The jelly is playing peek-a-boo. That is my favorite part.
The peanut butter does get mixed in with the batter, but I added a few more spoonfuls while the muffin was still warm. Mmm mmm.

 

 

Whole Wheat Peanut Butter and Jelly Muffins

adapted from myrecipes

Makes 12 muffins
1 3/4  cups  whole wheat flour
1/4  cup  sugar
1/4  cup  brown sugar
1  tablespoon  baking powder
1/2  teaspoon  salt
1 1/4  cups  fat-free milk
1/3  cup  creamy peanut butter (I used Smart Balance)
1/4  cup  egg whites
2  tablespoons Earth Balance spread, melted
1  teaspoon  vanilla extract
1/4 cup reduced-sugar grape jelly

1/4 cup reduced-sugar strawberry jelly

Preheat oven to 400.

Lightly spoon flours into dry measuring cups; level with a knife. Combine flours, sugars, baking powder, and salt in a large bowl; stir with a whisk. Make a well in center of mixture. Combine milk and next 4 ingredients (through vanilla); add to flour mixture, stirring just until moist.

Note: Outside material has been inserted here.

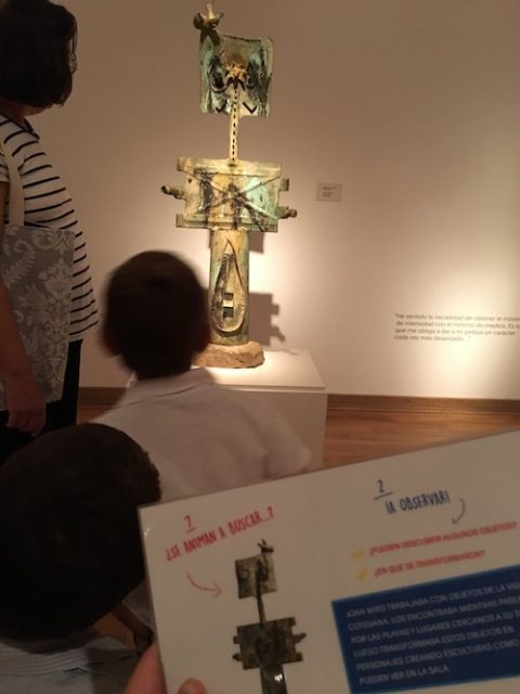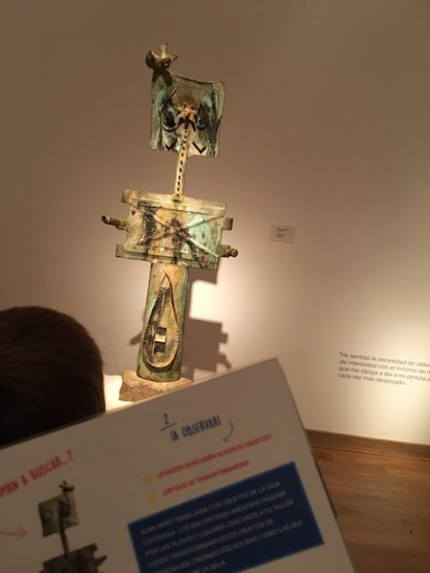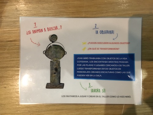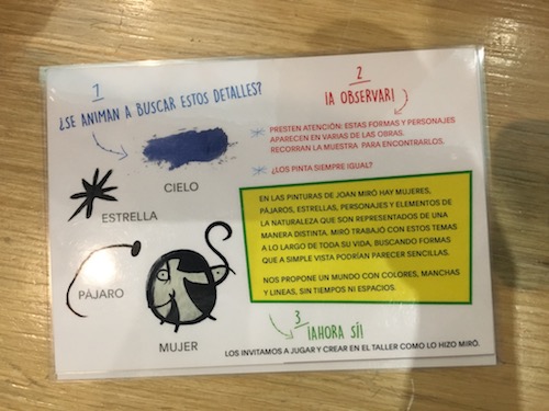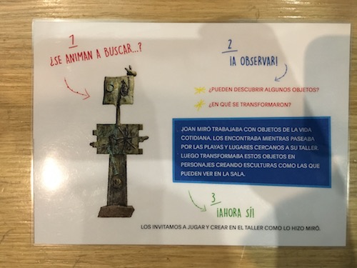 Para los que quieren conocer más sobre nuestra experiencia, les cuento que ayer fuimos con mis hijos y sobrinos, es decir 5 chicos (edades desde el año y medio, cuatro, ocho y diez años) y todos la disfrutaron, cada uno en su comprensión. Llegamos al mediodía para recorrer la muestra por nuestra cuenta y después nos acercamos al Espacio de taller “Mirar para crear” que ofrece dos tipos de actividades. Nosotros aprovechamos “Descubriendo a Miró”” que es un taller abierto y gratuito para familias en torno a actividades sugeridas, para distintas edades a partir de la muestra temporaria de Joan Miró. Éste se encuentra en la misma sala de la exposición, a la izquierda donde también encuentran la tienda y el sector de los toilettes. Fue una gran experiencia para los chicos: sin número (no sé si siempre es así o si según la cantidad de gente van regulandolo) nos acercamos al pasillo donde dos Guías de Taller nos dieron tres fichas por grupo de niños para explorar la muestra y reflexionar en torno a ella. Nos explicó cómo Miró trabajaba los símbolos, que se encuentran descriptos en las paredes del acceso al taller y con ellos salimos a buscarlos entre cuadros y esculturas.

Spoon batter into 12 muffin cups coated with cooking spray. Fill each cup half full with batter. Spoon 1 teaspoon jam into each cup. Spoon remaining batter on top to cover jam. Bake at 400° for 20 minutes or until muffins spring back when touched lightly in center. Let cool in pan 5 minutes. Remove from pan, and cool on a wire rack.

 

 

Make these today! They will remind you of those wonderful, awkward childhood years. Hopefully, the ones you want to remember. Not the ones you don’t. Like the time you peed your pants in Kindergarten while wearing tights. Could anything be more emotionally and physically uncomfortable?
It’s memories like those that make my world go ’round.